To solve the problem, we need to find the means of the x and y variates from the given lines of regression. The two lines of regression are: 1. \( 2x - y - 4 = 0 \) 2. \( 9x - 2y - 38 = 0 \) ### Step 1: Rewrite the equations in slope-intercept form We can rewrite both equations to express y in terms of x. For the first equation: \[ 2x - y - 4 = 0 \implies y = 2x - 4 \] For the second equation: \[ 9x - 2y - 38 = 0 \implies 2y = 9x - 38 \implies y = \frac{9}{2}x - 19 \] ### Step 2: Substitute \( x = \bar{x} \) and \( y = \bar{y} \) The lines of regression pass through the point \( (\bar{x}, \bar{y}) \). We substitute \( \bar{x} \) and \( \bar{y} \) into both equations. From the first equation: \[ 2\bar{x} - \bar{y} - 4 = 0 \implies 2\bar{x} - \bar{y} = 4 \tag{1} \] From the second equation: \[ 9\bar{x} - 2\bar{y} - 38 = 0 \implies 9\bar{x} - 2\bar{y} = 38 \tag{2} \] ### Step 3: Solve the system of equations Now we have a system of equations (1) and (2): 1. \( 2\bar{x} - \bar{y} = 4 \) 2. \( 9\bar{x} - 2\bar{y} = 38 \) We can solve these equations using the elimination method.

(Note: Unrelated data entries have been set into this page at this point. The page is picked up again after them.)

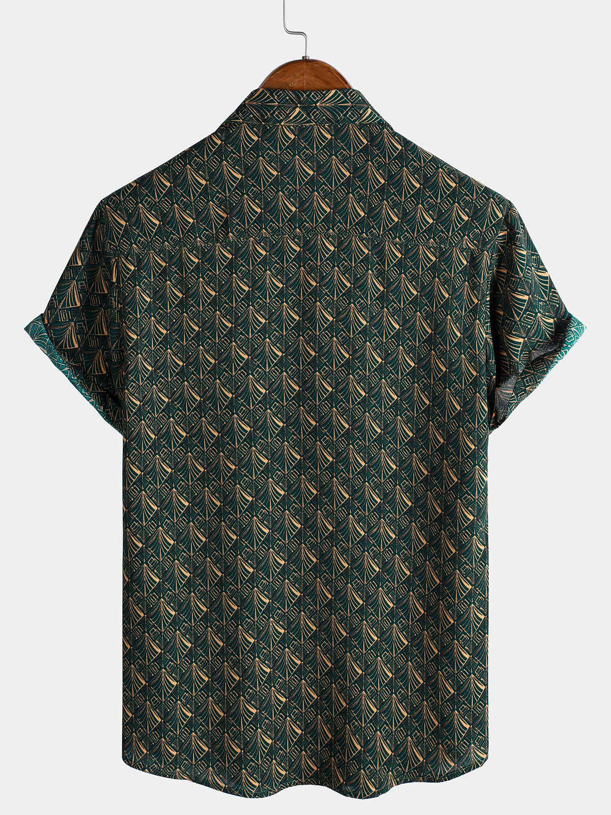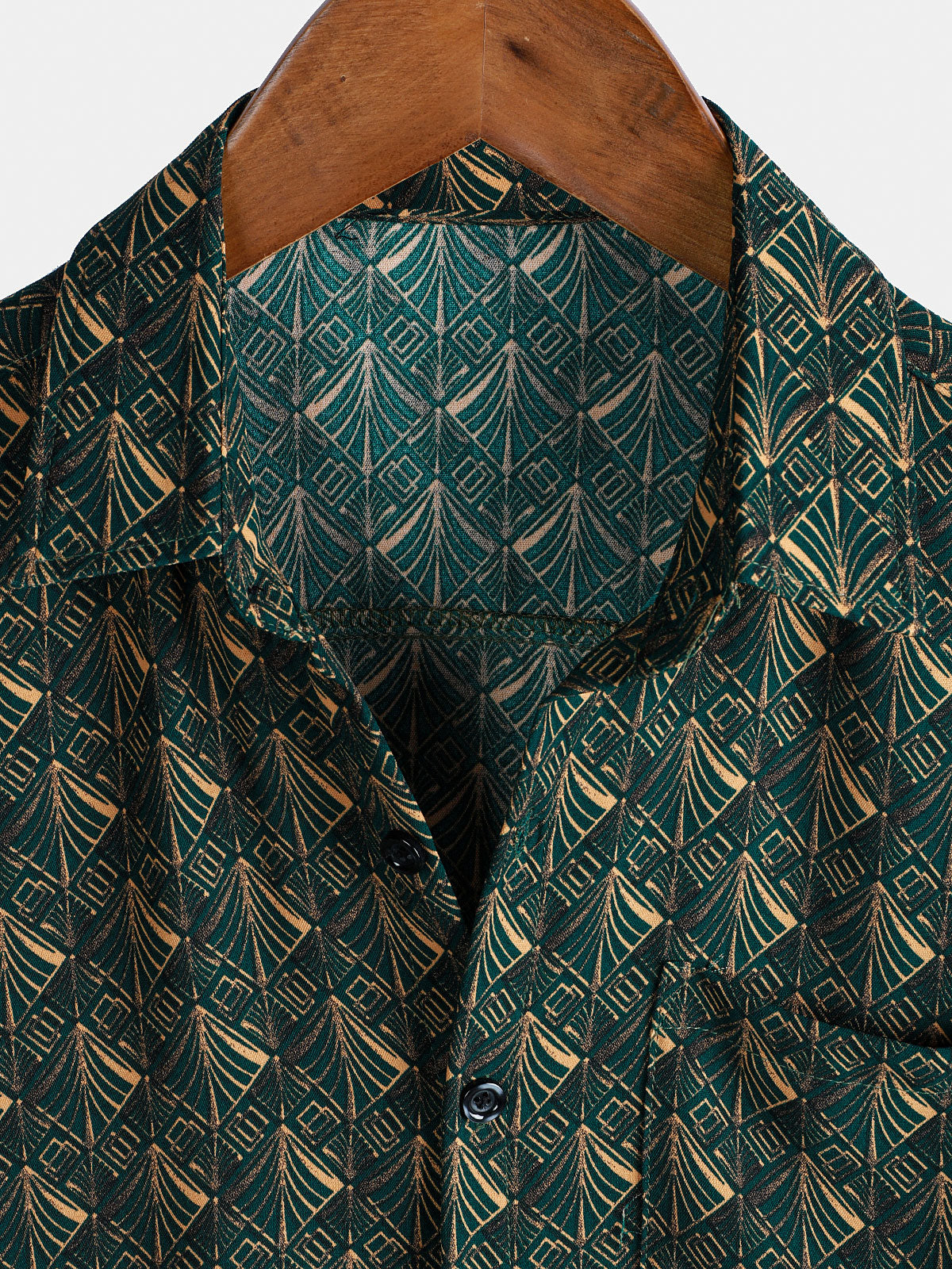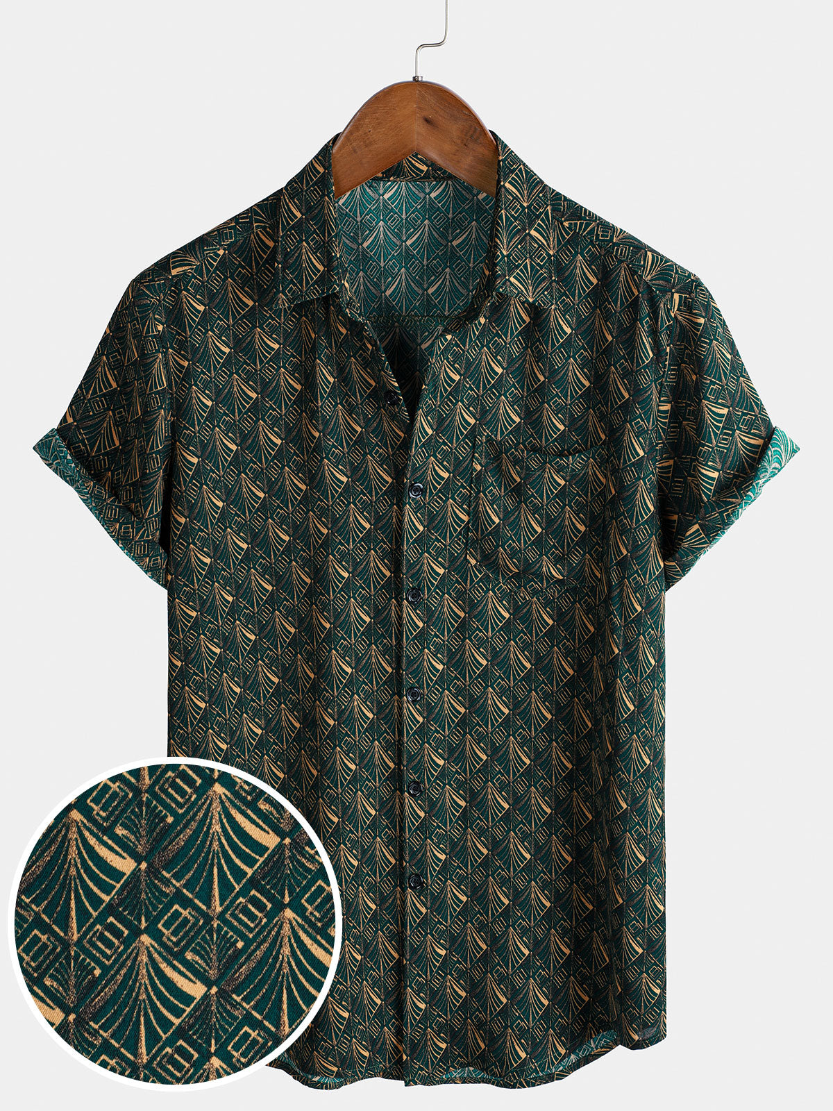 Men's Retro Geometric Print Pocket Short Sleeve Holiday Shirt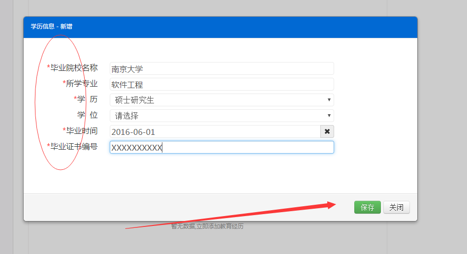 下面以學(xué)歷信息為例,演示如何新增、修改、刪除其他信息。點(diǎn)擊【新增】按鈕,彈出新增頁(yè)面如下,帶有紅色*號(hào)的字段為必填項(xiàng),輸入完畢后點(diǎn)擊【保存】,頁(yè)面刷新后即可看到自己新增的數(shù)據(jù)。
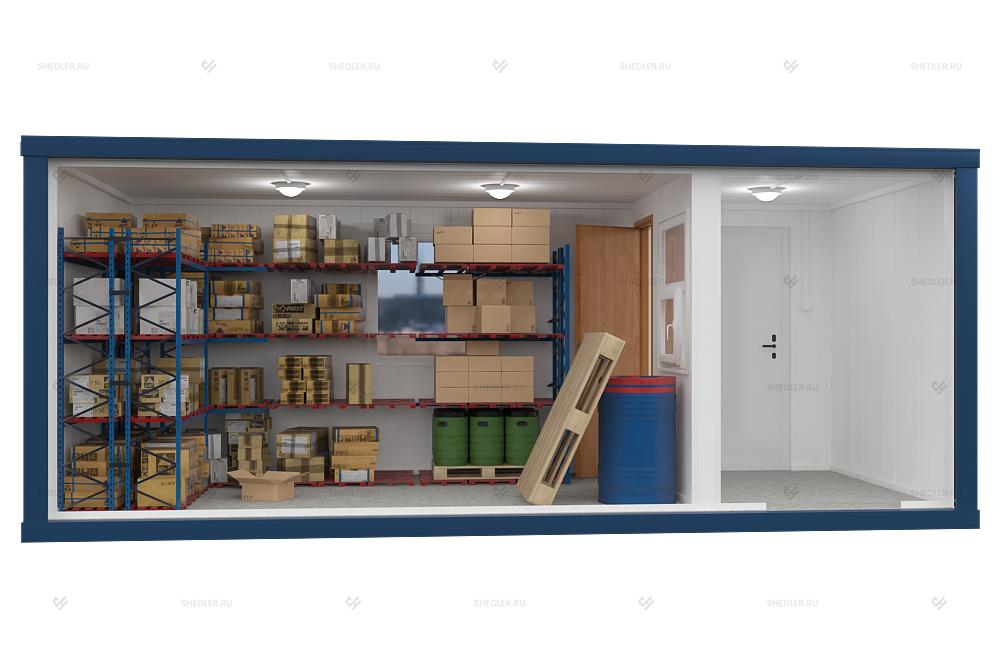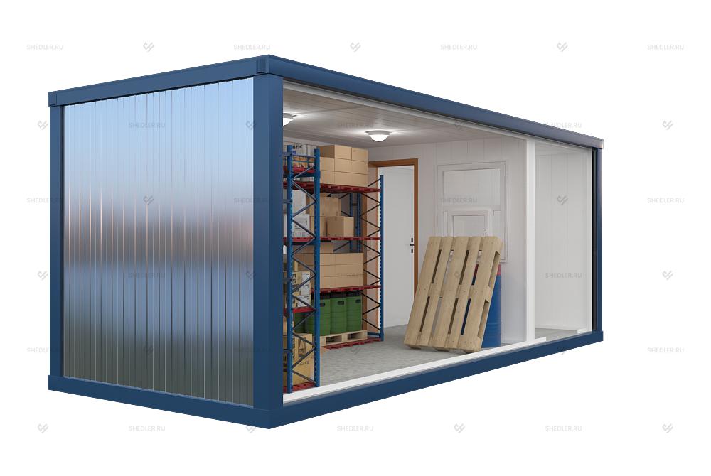 Быстровозводимые складские помещения проще всего организовать при помощи контейнера для склада БК-014 от SHEDLER. Модульная конструкция размером 5,85 х 2,45 х 2,5 м обеспечивает площадь для хранения материальных ценностей в 14,33 кв.м.

From equation (1), we can express \( \bar{y} \): \[ \bar{y} = 2\bar{x} - 4 \tag{3} \] Substituting equation (3) into equation (2): \[ 9\bar{x} - 2(2\bar{x} - 4) = 38 \] \[ 9\bar{x} - 4\bar{x} + 8 = 38 \] \[ 5\bar{x} + 8 = 38 \] \[ 5\bar{x} = 30 \] \[ \bar{x} = 6 \] ### Step 4: Find \( \bar{y} \) Now substituting \( \bar{x} = 6 \) back into equation (3): \[ \bar{y} = 2(6) - 4 \] \[ \bar{y} = 12 - 4 \] \[ \bar{y} = 8 \] ### Conclusion The means of the x and y variates are: \[ \bar{x} = 6, \quad \bar{y} = 8 \] ### Final Answer Thus, the means of x and y variates respectively are \( (6, 8) \). ---